Plutôt que de commencer à besogner, j'ai préféré ne plus bouger et me coucher sur ma proie tendrement chérie. Mes couilles reposaient au bas de la vallée fessière d’Olivier, mon pieu était fiché dans la lune jusqu'à la garde, prisonnier d'un fourreau secret et satiné. Je caressais les frêles épaules, je mordillais la nuque et l'oreille gauche, j’étais très heureux d'être au plus profond du corps de mon petit-fils qui n'avait pas dit un mot, mais dont le visage en oblique témoignait de son vif plaisir. Et puis, j'ai eu envie de jouir. Alors, prenant appui sur mes coudes, j'ai soulevé les reins, j'ai dégagé ma bite du rectum sur presque toute sa longueur et je me suis enfoncé encore mieux dans le mille. C'était tellement nouveau et j'étais si serré, qu'en moins d'une minute, j'ai joui. Ma queue tressautait dans le délicieux petit cul, j'aurais voulu que ça dure une éternité. Olivier m'encourageait à décharger tout mon saoul, je ne me suis donc pas privé d'inonder ses entrailles.

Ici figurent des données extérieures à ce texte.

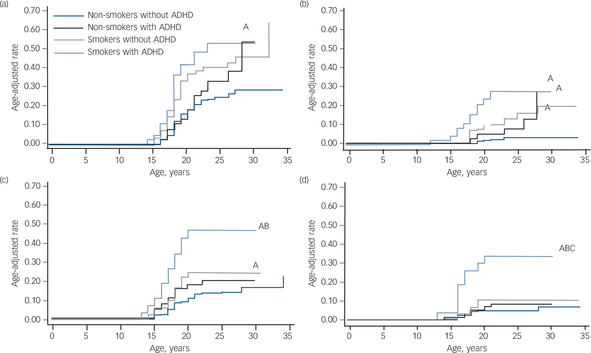 Cigarette smoking was defined as ever having smoked more than three times a week or any regular habit of smoking (e.g. only at parties) for an age at onset before age 18 years. For onset at age 18 years or after, cigarette smoking was defined as smoking every day. For the primary analysis, participants were included if they were reassessed at the 10- or 11-year follow-up. Participants were excluded if they reported an age at onset of any psychoactive substance use disorder at the same age or prior to the age at onset of smoking (n = 122; 47 with ADHD, 75 without ADHD). This yielded a total of 651 participants. Participants were grouped into four groups according to their ADHD diagnosis at baseline and their lifetime smoking status. We compared the resulting four groups on demographic features. We tested the risk of developing psychoactive substance use disorders using Cox proportional hazard models. The reported age at onset was used as the failure time for each substance use disorder.

Mon éjaculation achevée, Olivier ne s'est plus contenté de subir mes initiatives. Il m'a repoussé sur le côté et je me suis retrouvé couché dur le dos. Il m'a enjambé, tête-bêche, sa bouche s'est jetée sur ma bite toujours raide, se révélant d'une flatteuse voracité, j'ai gobé ses couilles l'une après l'autre, elles furent trempées de ma salive. J’avais saisi sa longue tige et je la masturbais. Mon dard était joyeusement pompé, j'eus envie de lui rendre la pareille, aussi, ai-je amené le sien à la verticale, au-dessus de mon visage, mes lèvres ont happé le gland rose, ma langue s'est enroulée autour et pour la première fois de ma vie, j'ai sucé une bite. Un régal !

Sans gêne aucune, Olivier a usé de ma bouche comme d'un vagin, donnant des coups de plus en plus envahissants. J'ai fourré deux doigts dans son rectum et j'ai ainsi augmenté son excitation. Il n'a pas cherché à se retirer d'entre mes joues avant de jouir, se disant certainement que, puisque j'avais graissé son cul, il avait le droit de me graisser la langue. J'ai donc reçu au fond de la gorge une averse de sperme qui faillit m'étrangler et je me suis surpris à tout avaler et à trouver ça pas mauvais du tout

La complicité amoureuse venait de naître entre mon petit-fils et moi. Nous parlâmes longuement tout en nous palpant, en nous léchant, en nous suçant Le temps passa très vite, on était merveilleusement bien ensemble. La première séance s'acheva en apothéose : Olivier s'empala sur ma queue face à moi, tandis que j'étais allongé sur le lit ce fut lui qui fit tous les mouvements de l'amour sans oublier de se masturber. Au moment où ma bite soubresauta entre ses fesses, la sienne balança sa ration de sperme sur ma poitrine et mon ventre. J'en ai même eu sur le nez.

Depuis le mois d'août 91, Olivier vient très souvent passer le week-end chez nous et ma gentille Juliette s'arrange pour nous laisser seuls le plus souvent possible. Je n'ose pas penser à la réaction de ma fille et de mon gendre s'ils savaient ce qui se passe entre leur fils et moi.